Problem requirements
Strip the pictures, then copy the remaining data exactly as it stands.

Provided entries

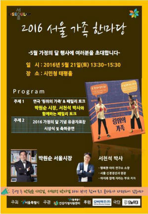 [우리문화신문 =전수희 기자] 서울시는 5월 가정의 달을 맞이하여 오는 5월 21일 시민청 태평홀에서 온 가족이 참여할 수 있는 ‘2016 서울 가족한마당’을 연다.
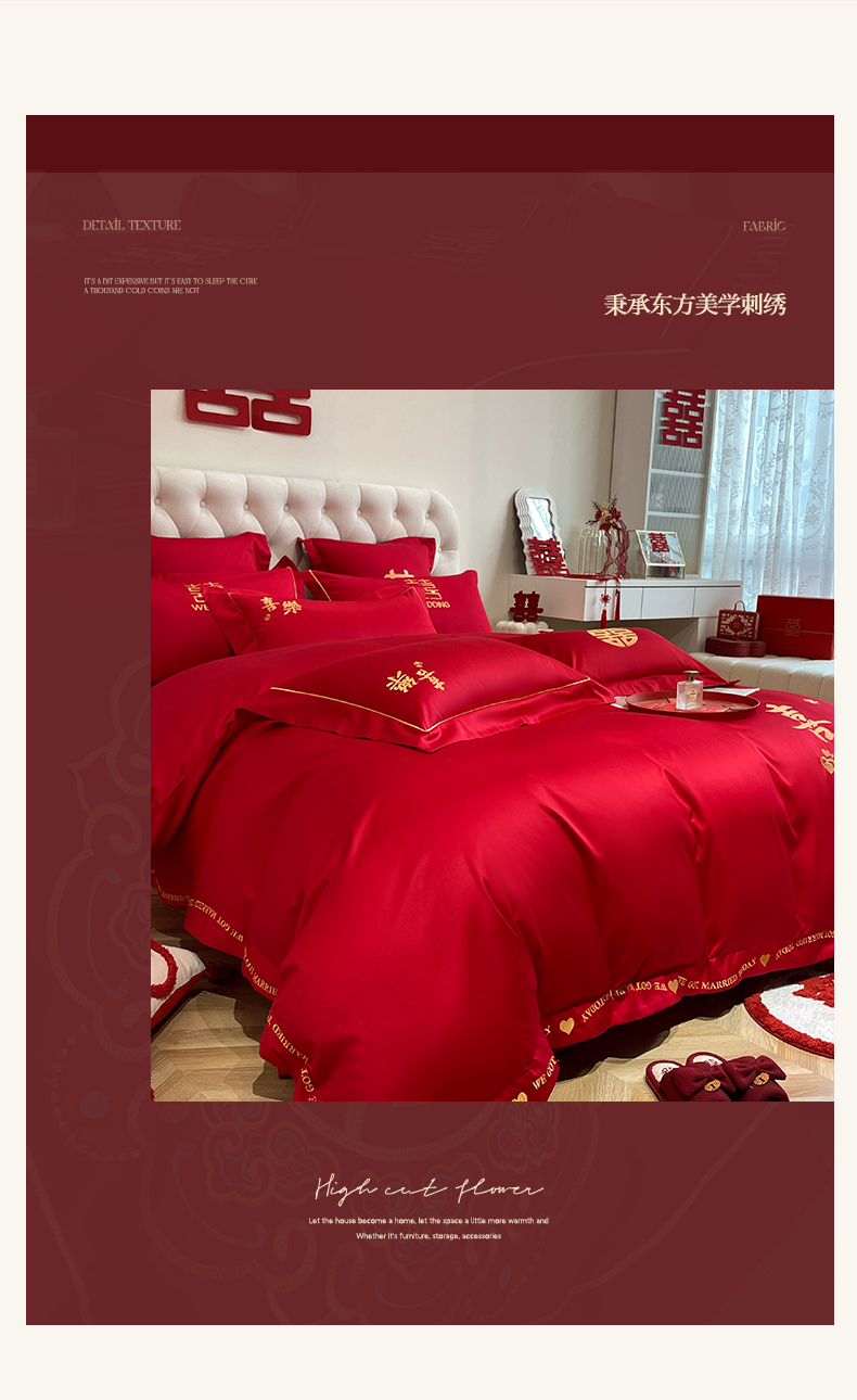 (总)欧乐蒂 2025新款亲肤棉刺绣花边婚庆四件套-倾城,倾城-金,倾城-喜红
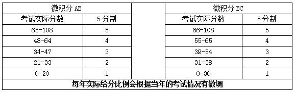 AP微積分BC和AP微積分AB兩門考試滿分都是108,卷面分與5分制的兌換每年劃分的分數區間都不一樣,但一般來說,108分超過70就可以得5分,大致就是100分考得60分,還是比較寬松的。由于自由問答題部分比選擇題部分難,因此選擇題的錯誤個數要有一定控制。一般來說,選擇題錯誤需控制在15題以內,可以拿5分,但是為了確保高分,我們建議以5分為目標的同學,選擇題需控制在10道題以內。從以往的教學和考生經歷來看,中國學生得5分的概率在70%以上,3分及以下的成績相當罕見。
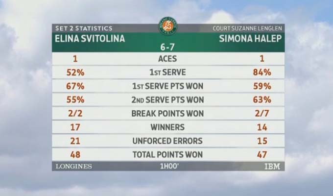 Второй сет Свитолина начала с брейка на подаче соперницы, а через пару геймов сделала еще один, выиграв «под ноль» подачу румынки. Далее соперницы обменялись геймами и украинка при счете 5:2 подавала на матч. К сожалению, Халеп совладала с эмоциями, сравняла счет в партии и даже первая заработала шестое очко. В 12 гейме Свитолина отыграла 4 сетбола и перевела партию на тай-брейк, на котором, к сожалению, уступила.
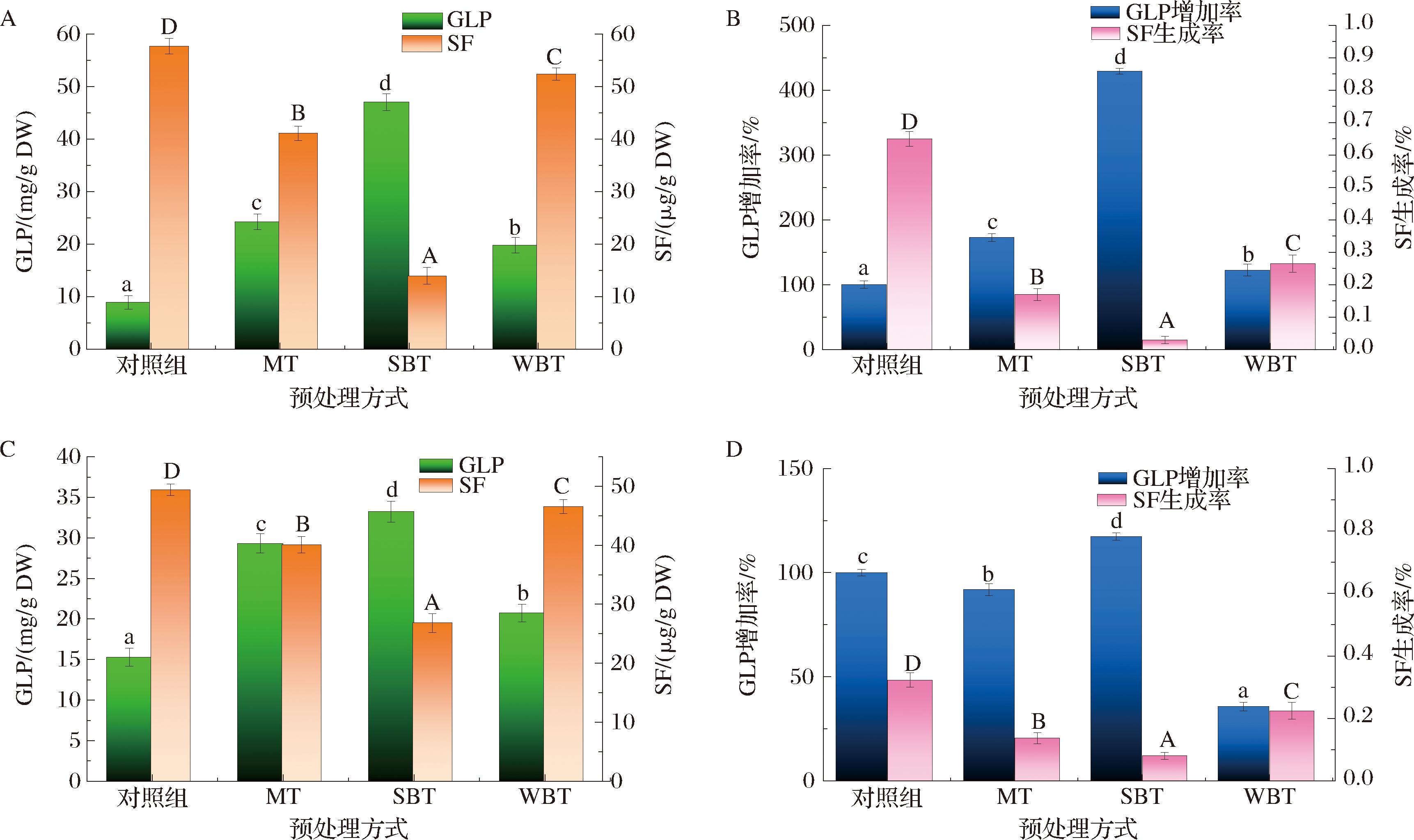 A-花中GLP和SF含量;B-花中GLP增加率和SF生成率;C-茎中GLP和SF含量;D-茎中GLP增加率和SF生成率
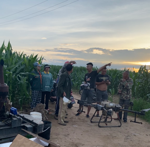 此次,关山村使用两台无人机进行农药喷洒,我们小队跟随技术人员学习无人机的工作方式,并且了解到农民将叶面肥和杀虫剂混合喷洒,这样既能杀虫,又能施肥。
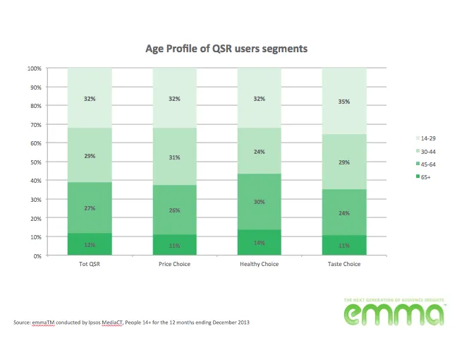 Research by firm Ipsos, shows that young people, specifically those in ages of 14 to 29, are more likely to be QSR visitors.
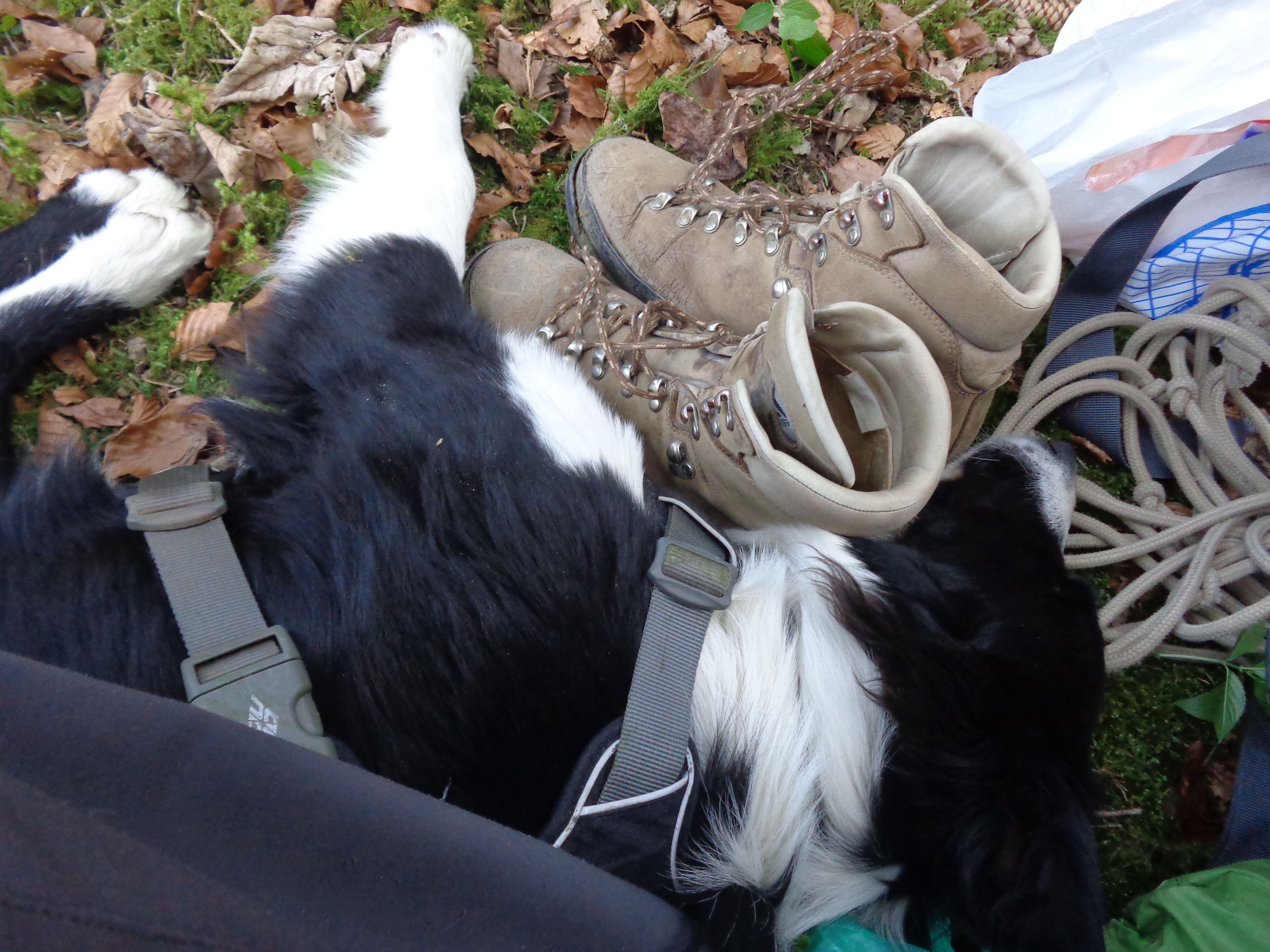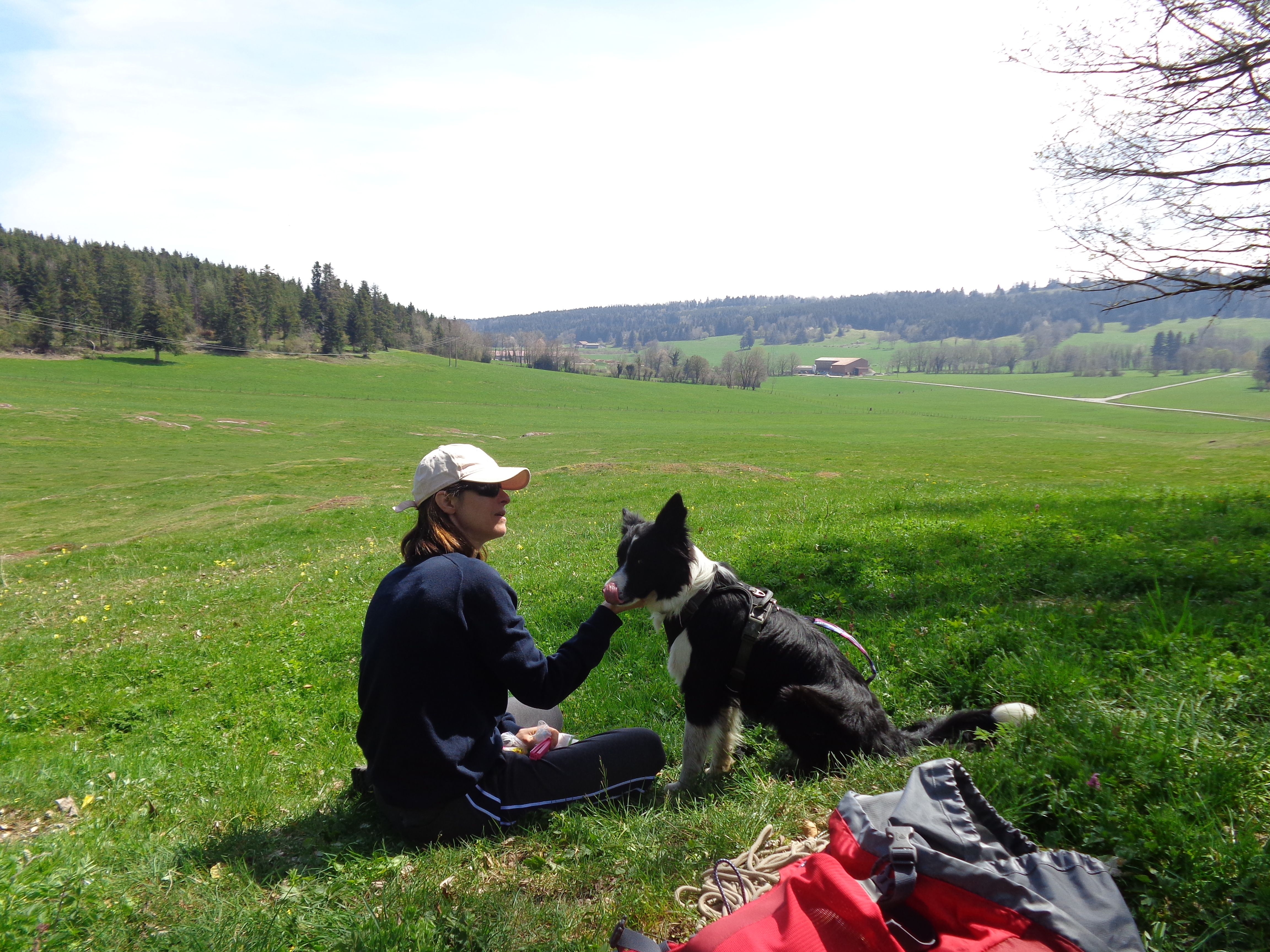 Durant un trek de 3 jours dans le Haut Doubs (à lire ICI) Sophie avait dans son package le nécessaire en aliments. Nous nous étions alors dit qu’une petite sacoche portée par le chien serait une bonne solution. Nous regarderons pour affiner cette solution pour notre prochaine aventure à pied.

Solution to the exercise
 [우리문화신문 =전수희 기자] 서울시는 5월 가정의 달을 맞이하여 오는 5월 21일 시민청 태평홀에서 온 가족이 참여할 수 있는 ‘2016 서울 가족한마당’을 연다.
 (总)欧乐蒂 2025新款亲肤棉刺绣花边婚庆四件套-倾城,倾城-金,倾城-喜红
 AP微積分BC和AP微積分AB兩門考試滿分都是108,卷面分與5分制的兌換每年劃分的分數區間都不一樣,但一般來說,108分超過70就可以得5分,大致就是100分考得60分,還是比較寬松的。由于自由問答題部分比選擇題部分難,因此選擇題的錯誤個數要有一定控制。一般來說,選擇題錯誤需控制在15題以內,可以拿5分,但是為了確保高分,我們建議以5分為目標的同學,選擇題需控制在10道題以內。從以往的教學和考生經歷來看,中國學生得5分的概率在70%以上,3分及以下的成績相當罕見。
 Второй сет Свитолина начала с брейка на подаче соперницы, а через пару геймов сделала еще один, выиграв «под ноль» подачу румынки. Далее соперницы обменялись геймами и украинка при счете 5:2 подавала на матч. К сожалению, Халеп совладала с эмоциями, сравняла счет в партии и даже первая заработала шестое очко. В 12 гейме Свитолина отыграла 4 сетбола и перевела партию на тай-брейк, на котором, к сожалению, уступила.
 A-花中GLP和SF含量;B-花中GLP增加率和SF生成率;C-茎中GLP和SF含量;D-茎中GLP增加率和SF生成率
 此次,关山村使用两台无人机进行农药喷洒,我们小队跟随技术人员学习无人机的工作方式,并且了解到农民将叶面肥和杀虫剂混合喷洒,这样既能杀虫,又能施肥。
 Research by firm Ipsos, shows that young people, specifically those in ages of 14 to 29, are more likely to be QSR visitors.
 Durant un trek de 3 jours dans le Haut Doubs (à lire ICI) Sophie avait dans son package le nécessaire en aliments. Nous nous étions alors dit qu’une petite sacoche portée par le chien serait une bonne solution. Nous regarderons pour affiner cette solution pour notre prochaine aventure à pied.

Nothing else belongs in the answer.